Second, Va.Code Ann. § 13.1-702 does not expand the circumstances set forth in the rest of Article 13.1 in which Emhart is authorized to indemnify Vitkus. Rather, it merely extends the same indemnification rights provided for directors to officers, employees and agents.
Third, Va.Code Ann. § 13.1-704 does not authorize Emhart to indemnify Vitkus’ pre-employment actions. That provision grants corporations the power to “make any further *1531indemnity.” However, that indemnity may only be made (i) to a “director, officer, employee or agent” and (ii) only in circumstances that are “authorized by the Articles of Incorporation or any bylaw made by the shareholders or any resolution adopted, before or after the event, by the shareholders.” Neither of those conditions is satisfied in the instant case. First, for purposes of indemnification in connection with the FDIC litigation, Vitkus is not properly considered a “director” of Emhart under Virginia law. Section 13.1-696 defines director, in relevant part, as “an individual who, while a director of a corporation, is or was serving at the corporation’s request as a director, officer, partner, trustee, employee or agent of another foreign or domestic corporation.” Va.
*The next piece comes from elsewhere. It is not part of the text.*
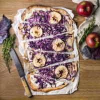 Den Kohl zusammen mit den Äpfeln und der Schalotte auf die Fladen geben. 10 - 12 Minuten backen und anschließend mit Thymian bestreuen.
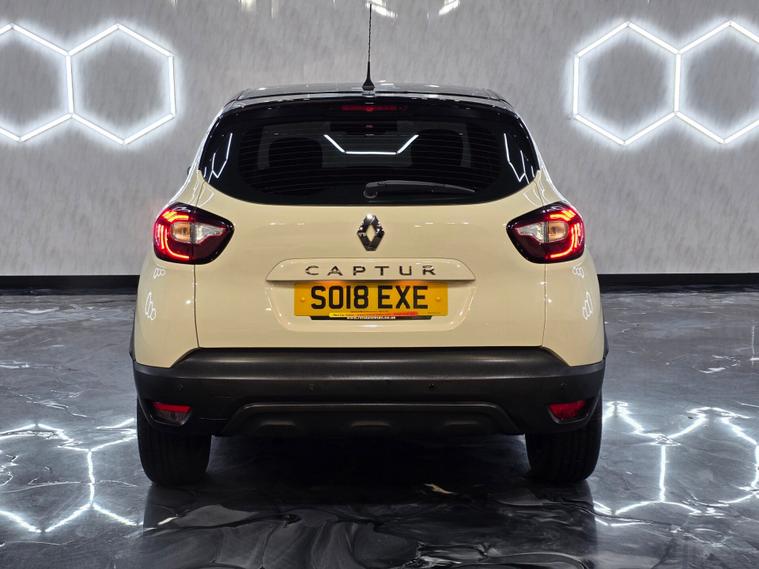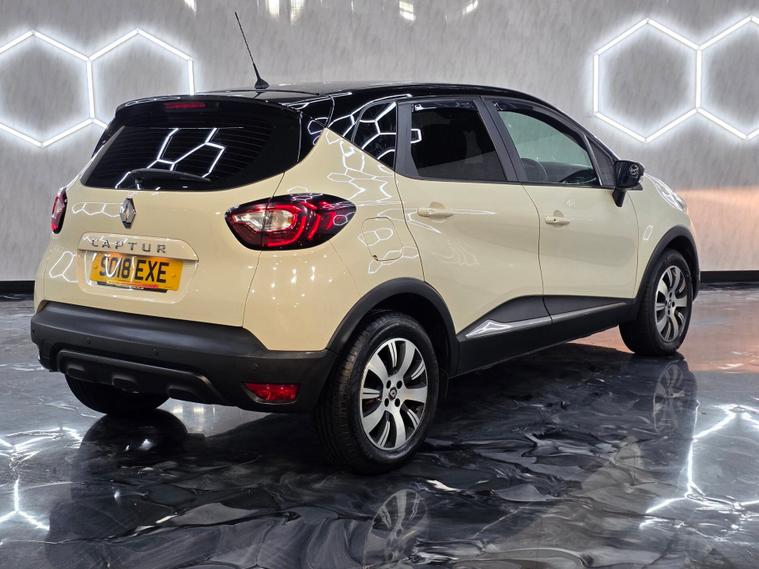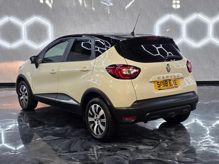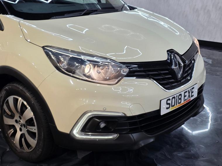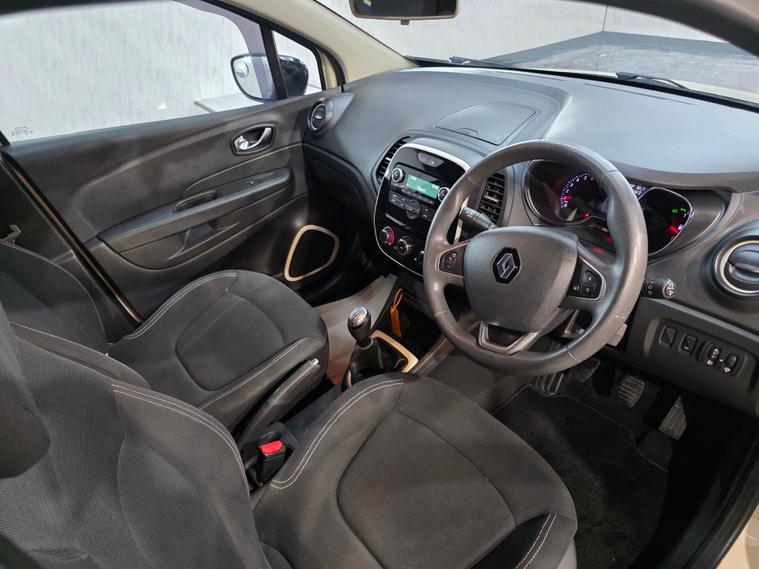 This stylish Renault Captur stands out with its 16'' Adventure alloy wheels with black inserts, metallic diamond black roof, chrome exterior touches, LED daytime running lights (front and rear), LED front fog lights, and front & rear skid plates. It also features automatic headlights, rain-sensing wipers, heated electric door mirrors, lightly tinted windows and body-coloured handles for a premium look. Inside, you benefit from synthetic leather steering wheel, closable dash-top storage, split-level boot floor, split-folding rear seats (60/40), height-adjustable driver’s seat and the latest SRP supportive headrests. Comfort comes from manual air conditioning, pollen filter and Dark Harmony interior styling. Technology includes DAB/FM/AM radio, Bluetooth hands-free and audio streaming, USB and AUX, smartphone cradle and the Renault R&Go app interface for extra connectivity. Cruise control with speed limiter, trip computer and electric windows front & rear add convenience. Safety is covered with ESC, ABS with EBA, Hill Start Assist, ISOFIX front & rear, multiple airbags including lateral head-thorax airbag, deadlocking, Thatcham Cat 2 immobiliser, rear door safety locks, tyre pressure warning and Hands-Free Access with key card + Start button.

Code.Ann. § 13.1-696. Because Vitkus performed the acts underlying the FDIC suit before he was employed by Emhart, the acts did not occur either “while [he was] a director” of Emhart or while he was “serving at [Emhart’s] request.” Second, while § 13.1-704 does grant Emhart the power to make indemnity beyond that provided for in the statute, it does not in itself authorize indemnification in any particular cireum-stances. Rather, § 13.1-704 merely allows the corporation, through its articles of incorporation, bylaws or resolution to indemnify directors in circumstances not delineated in the Virginia Code. We are unable to find authorization for indemnification of Vitkus’ pre-employment actions in any of the provisions of Emhart’s Articles of Incorporation.8 Furthermore, National Union has not argued that either Emhart’s bylaws or shareholder resolutions authorized indemnification for pre-employment actions. In the absence of an “express” provision to the contrary, all indemnification under § 13.1-704 must be accomplished in accordance with § 13.1-701B. Those provisions were not satisfied here. Nothing in the statutory references or Articles of Incorporation cited by the district court could give rise to either an authorization or inference of indemnification of Vitkus for his prior service on the Silverado Board.
B. Emhart did not represent that it would indemnify Vitkus for actions taken at Silverado before Vitkus was employed by Emhart.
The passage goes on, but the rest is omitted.